At the end of the day, money is a huge driver for the decisions we make about what jobs to go after. In the past, we’ve written about how to negotiate your salary, and there are a lot of labor statistics and reports out there looking at salaries in the tech industry as a whole. But as with many things in eng hiring, there’s very little concrete data on whether technical interview performance plays a role in compensation offers.

So we set out to gather the data and asked our users who had gone on to successfully get jobs after using our platform to share their salary info. With our unique dataset of real coding interviews, we could ask questions like:

  • Does interview performance matter when it comes to compensation packages?
  • Do engineers who prioritize other parts of a role over compensation (e.g. values alignment) end up with lower salaries?
  • What else seems to matter in getting a higher salary?

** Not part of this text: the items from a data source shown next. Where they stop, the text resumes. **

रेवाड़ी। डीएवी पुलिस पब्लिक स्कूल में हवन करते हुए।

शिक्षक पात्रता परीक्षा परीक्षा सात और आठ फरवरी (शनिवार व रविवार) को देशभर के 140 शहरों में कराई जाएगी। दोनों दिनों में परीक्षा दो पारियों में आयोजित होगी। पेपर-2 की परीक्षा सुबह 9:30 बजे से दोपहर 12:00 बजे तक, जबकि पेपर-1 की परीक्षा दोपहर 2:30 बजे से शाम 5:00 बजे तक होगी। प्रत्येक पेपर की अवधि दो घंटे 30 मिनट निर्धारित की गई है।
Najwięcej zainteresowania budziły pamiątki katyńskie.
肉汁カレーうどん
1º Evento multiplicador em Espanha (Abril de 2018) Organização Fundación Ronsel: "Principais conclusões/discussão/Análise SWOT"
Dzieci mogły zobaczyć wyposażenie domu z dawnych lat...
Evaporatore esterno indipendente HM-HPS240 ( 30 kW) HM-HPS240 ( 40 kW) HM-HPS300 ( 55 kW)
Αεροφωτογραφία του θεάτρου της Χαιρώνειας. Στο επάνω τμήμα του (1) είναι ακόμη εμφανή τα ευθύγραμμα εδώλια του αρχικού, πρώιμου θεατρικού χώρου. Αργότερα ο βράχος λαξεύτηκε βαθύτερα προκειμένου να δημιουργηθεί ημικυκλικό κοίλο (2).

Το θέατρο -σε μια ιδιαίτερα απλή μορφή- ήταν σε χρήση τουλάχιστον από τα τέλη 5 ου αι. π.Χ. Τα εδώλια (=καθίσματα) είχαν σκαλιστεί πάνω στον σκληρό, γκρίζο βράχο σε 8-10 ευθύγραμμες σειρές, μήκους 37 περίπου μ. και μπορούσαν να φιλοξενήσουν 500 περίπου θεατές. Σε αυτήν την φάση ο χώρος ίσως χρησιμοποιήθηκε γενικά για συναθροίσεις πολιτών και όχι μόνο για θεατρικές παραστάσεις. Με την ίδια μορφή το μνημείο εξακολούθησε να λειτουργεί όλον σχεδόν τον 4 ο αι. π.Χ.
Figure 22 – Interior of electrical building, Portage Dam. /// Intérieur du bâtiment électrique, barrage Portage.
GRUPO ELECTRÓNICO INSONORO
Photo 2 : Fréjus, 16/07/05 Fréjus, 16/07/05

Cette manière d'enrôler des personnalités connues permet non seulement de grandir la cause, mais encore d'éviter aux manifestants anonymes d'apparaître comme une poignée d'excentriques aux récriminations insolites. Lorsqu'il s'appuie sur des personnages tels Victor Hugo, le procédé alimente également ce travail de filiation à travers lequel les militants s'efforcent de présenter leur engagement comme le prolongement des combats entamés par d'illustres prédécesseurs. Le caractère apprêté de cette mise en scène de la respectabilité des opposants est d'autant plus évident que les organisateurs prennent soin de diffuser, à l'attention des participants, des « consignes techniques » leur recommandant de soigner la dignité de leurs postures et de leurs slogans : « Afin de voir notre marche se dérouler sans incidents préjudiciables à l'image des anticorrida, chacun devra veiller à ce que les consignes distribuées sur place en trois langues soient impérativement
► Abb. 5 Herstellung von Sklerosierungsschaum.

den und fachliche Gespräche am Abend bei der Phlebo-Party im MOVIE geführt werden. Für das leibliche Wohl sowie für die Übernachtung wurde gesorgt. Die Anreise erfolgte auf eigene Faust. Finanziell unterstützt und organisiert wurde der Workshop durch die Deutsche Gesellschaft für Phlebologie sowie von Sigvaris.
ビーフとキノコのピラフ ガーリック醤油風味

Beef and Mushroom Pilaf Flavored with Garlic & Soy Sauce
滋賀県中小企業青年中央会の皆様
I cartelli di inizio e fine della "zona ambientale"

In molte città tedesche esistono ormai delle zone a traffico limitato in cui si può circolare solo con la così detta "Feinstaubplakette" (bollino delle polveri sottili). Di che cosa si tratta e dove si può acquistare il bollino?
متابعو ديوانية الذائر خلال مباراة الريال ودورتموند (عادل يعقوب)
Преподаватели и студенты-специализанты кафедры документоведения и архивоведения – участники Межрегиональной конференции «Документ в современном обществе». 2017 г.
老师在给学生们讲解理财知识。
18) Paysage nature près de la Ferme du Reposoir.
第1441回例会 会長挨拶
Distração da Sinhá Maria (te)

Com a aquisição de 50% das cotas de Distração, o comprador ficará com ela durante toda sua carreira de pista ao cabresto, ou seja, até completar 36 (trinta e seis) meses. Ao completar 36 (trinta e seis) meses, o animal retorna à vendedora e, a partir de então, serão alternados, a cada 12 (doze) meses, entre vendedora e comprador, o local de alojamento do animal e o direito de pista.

To be clear, this is an exploration of past average interview performance and its connection with current salary, versus looking at how someone did in an interview and then what salary they got when they took that specific job. In other words, we haven’t paired job interviews with the salary for that same job. We believe that looking at these more general measures is more informative than trying to match single interviews and job offers, given how volatile individual interview performance can be. But our interviewing platform allowed us to look at performance across multiple interviews for respondents, which gave us more stability and more data.

The setup

On the interviewing.io platform, people can practice technical interviews online and anonymously, with real engineers on the other side.

When an interviewer and an interviewee match on our platform, they meet in a collaborative coding environment with voice, text chat, and a whiteboard and jump right into a technical question. Check out our recordings page to see this process in action.

Interview questions on the platform tend to fall into the category of what you’d encounter at a phone screen for a back-end software engineering role, and interviewers typically come from top companies like Google, Facebook, Dropbox, Airbnb, and more.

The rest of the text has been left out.